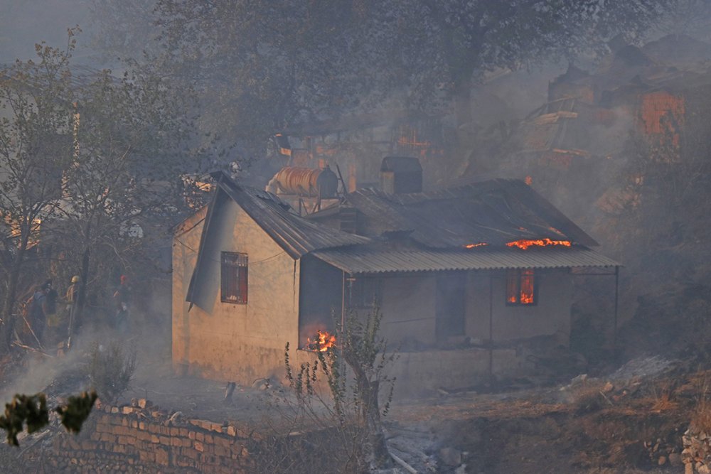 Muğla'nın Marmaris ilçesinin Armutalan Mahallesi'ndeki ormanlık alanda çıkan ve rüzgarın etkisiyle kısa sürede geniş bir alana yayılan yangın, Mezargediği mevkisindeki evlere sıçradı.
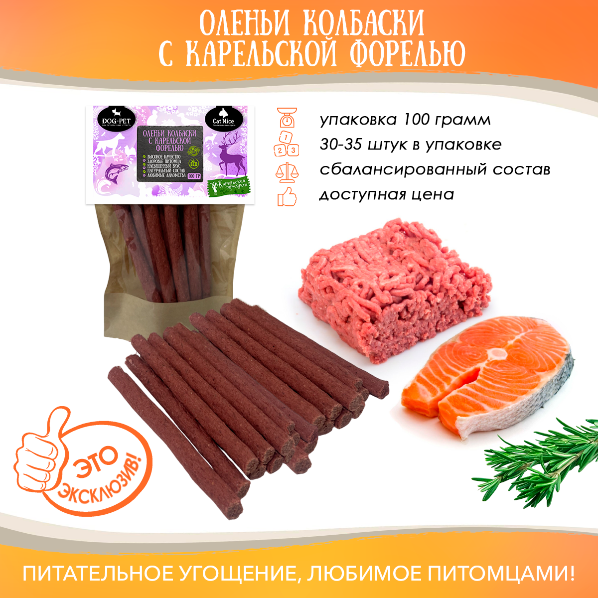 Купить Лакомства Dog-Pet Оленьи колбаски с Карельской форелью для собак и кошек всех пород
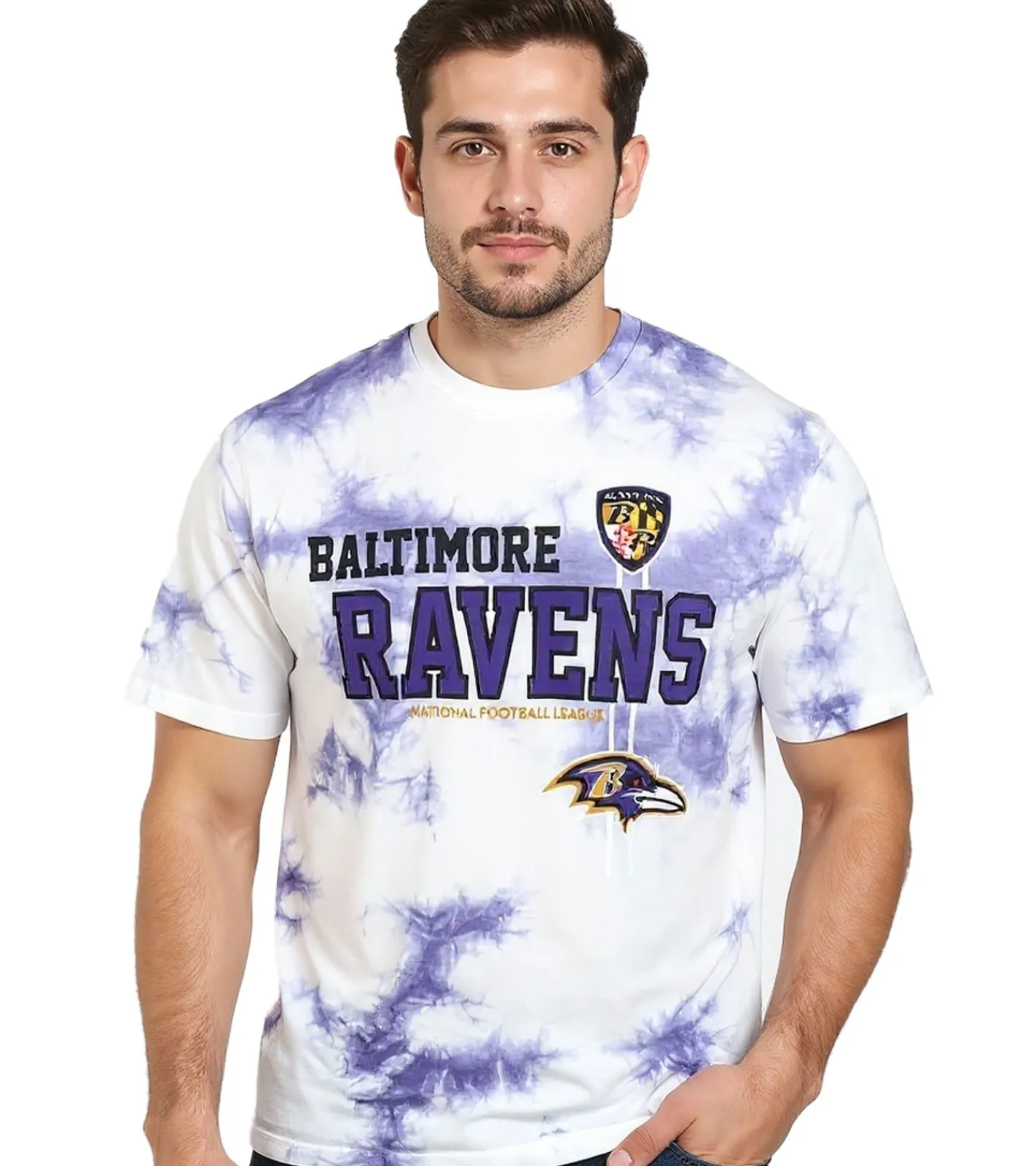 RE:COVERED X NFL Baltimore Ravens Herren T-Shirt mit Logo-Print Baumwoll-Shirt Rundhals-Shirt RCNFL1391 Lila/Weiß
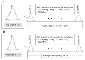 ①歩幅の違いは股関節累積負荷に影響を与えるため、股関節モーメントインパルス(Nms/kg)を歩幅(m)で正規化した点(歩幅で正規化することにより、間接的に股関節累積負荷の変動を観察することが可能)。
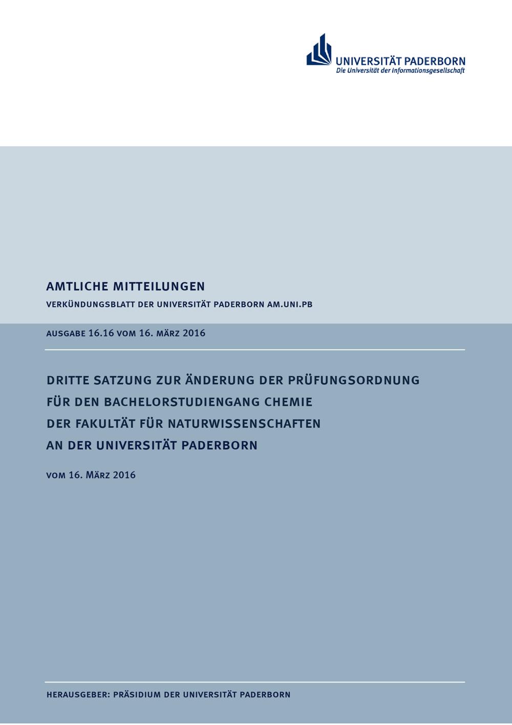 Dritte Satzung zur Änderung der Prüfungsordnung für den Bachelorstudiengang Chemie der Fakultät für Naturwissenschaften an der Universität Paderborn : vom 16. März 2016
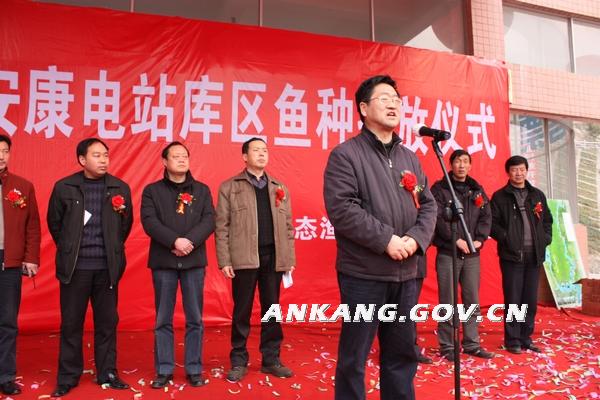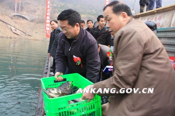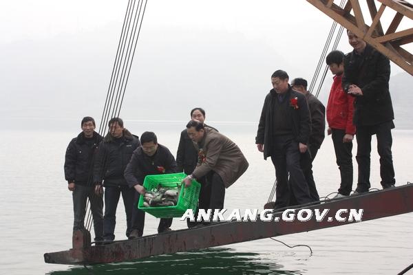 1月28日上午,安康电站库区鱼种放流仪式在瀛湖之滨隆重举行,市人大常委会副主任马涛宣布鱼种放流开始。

[Work order] In the entries above, find the line containing "①歩幅の違いは股関節累積負荷"; transcribe exactly that line and every line after it through the end, and only those, omitting pictures.

[Task output]
 ①歩幅の違いは股関節累積負荷に影響を与えるため、股関節モーメントインパルス(Nms/kg)を歩幅(m)で正規化した点(歩幅で正規化することにより、間接的に股関節累積負荷の変動を観察することが可能)。
 Dritte Satzung zur Änderung der Prüfungsordnung für den Bachelorstudiengang Chemie der Fakultät für Naturwissenschaften an der Universität Paderborn : vom 16. März 2016
 1月28日上午,安康电站库区鱼种放流仪式在瀛湖之滨隆重举行,市人大常委会副主任马涛宣布鱼种放流开始。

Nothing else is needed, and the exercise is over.